Q. I have been in a relationship for over a year; my lover's parents have a very hard time with her being gay. They have known she was gay for approximately five years now and up until a few months ago, her previous lovers were never allowed in her family home. I have now been invited by only when her father is not there. My lover has now stopped seeing them at their home because I am not welcome. She feels if her father cannot accept and try at least once than there is no reason to pretend that they have a true unconditional love for each other. Is there anything I can do? Is my partner wrong, is she being selfish? What advice can we give her parents?
A. The situation you describe is unfortunate to say the least.
Your lover seems to have already come to a decision on how to handle this and so your decision is really whether or not to support her. In other words, you can't control what your lover does, only what your reactions to her actions are.
That said, I think your lover is handling the situation in a mature and responsible way. She has evidently decided that she will only have a continuing relationship with her parents if they are willing to accept her as she is, not as they would wish her to be.
Five years is enough time for parents to "get over" having a gay child. At that point, they've either moved toward acceptance or are hopelessly stuck in some stage of denial. The only way to get them moving again is to give them an ultimatum, which is what your lover has chosen to do. The ball is now in her parents' court, they either accept their daughter's partner or they risk losing her entirely.
This may be just the push her parents need to get them to seek out help with a PFLAG chapter. I remember one couple who came to our meeting after 8 years of knowing their son was gay but never really dealing with it. There was a family wedding upcoming and their son had told them quite plainly that either he came with his lover or he wasn't coming at all. Well, that was enough to drive them to PFLAG where they did start dealing with their own feelings. The story did have a happy ending too, their son and his partner came to the wedding, there was a brief flurry of gossip and then everything went fine. No one had a heart attack, fainting fit, or hysterics.
Another one of our long-time members told me once about the first time her son brought home a lover. She was so nervous and didn't think she could face it but her son insisted and when she met the young man she discovered she liked him a lot and everything was fine. As she said "it's amazing what you can't think you can do but really isn't so hard after all."
There's a lot to be said for trying to put a relationship between parents and adult children on an honest, open footing.
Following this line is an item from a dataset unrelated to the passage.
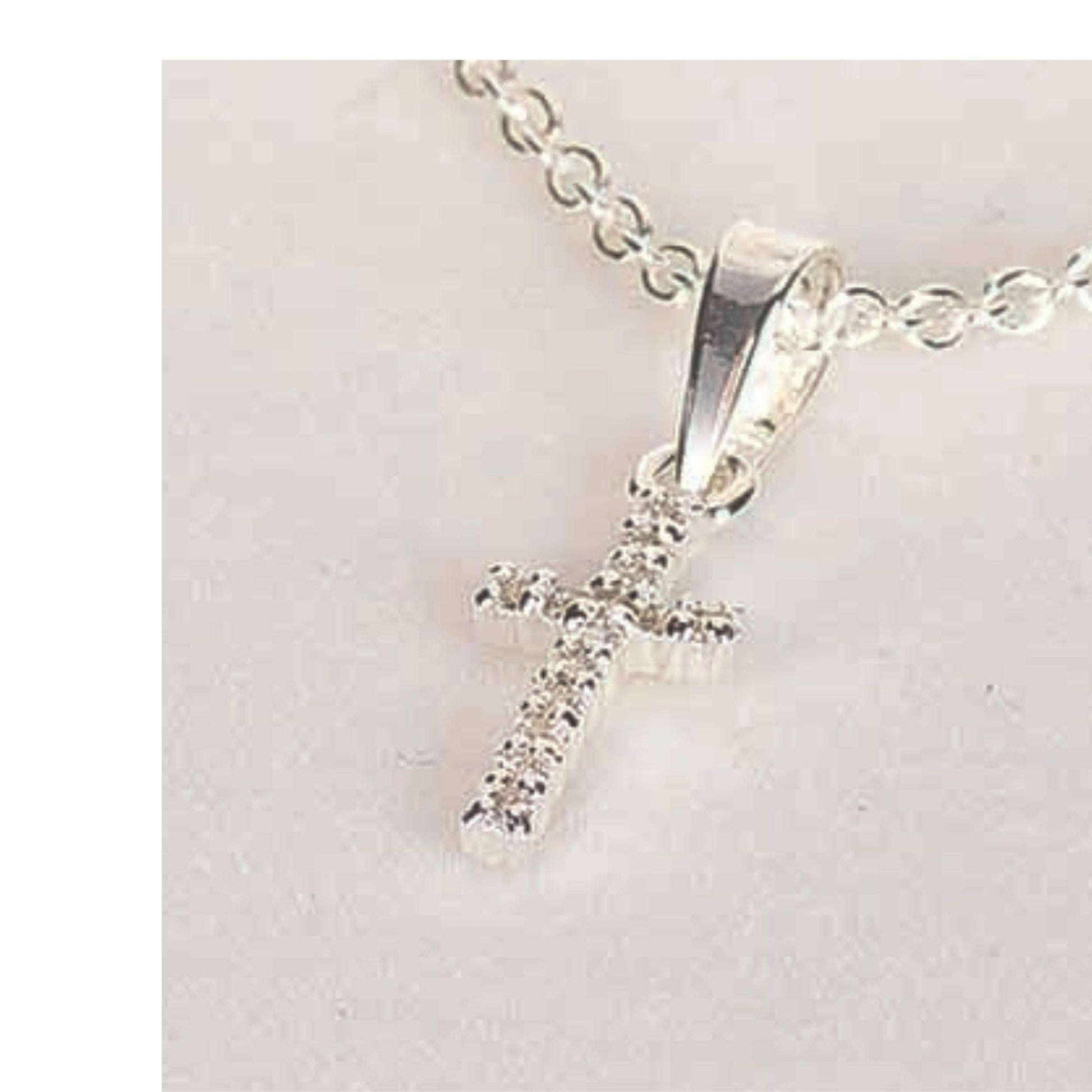 Cubic zirconia mini cross on 16" chain necklace in white gift box small and slender, this dainty cross sparkles with 14 cubic zirconia stones. Makes a wonderful gift for a girl of any age, or for women who prefer a shorter chain and small pendant. Silver plated cross is 1/2" long; silver plated chain is 16". Comes in white fabric covered gift box with hinged lid.

Your lover might make clear to them that she wants them to meet you because you are part of her life and that it's important for her that they see her whole life, not just the censored bits. If she can't talk about you or the other "gay parts" of her life, eventually there will be nothing else to talk about but the weather.
Has your lover tried to get your parents to a PFLAG meeting or gotten them some literature? Perhaps her mother would go alone? There is nothing like being in a roomful of other parents who have gone through exactly what she is going through now. For a complete list of PFLAG chapters go to www.pflag.org. You and your partner might consider attending your local chapter as well -- you can get some good practical advice from the parents there and chapters always need gay people. After all, we need to hear your stories to help us understand our own children.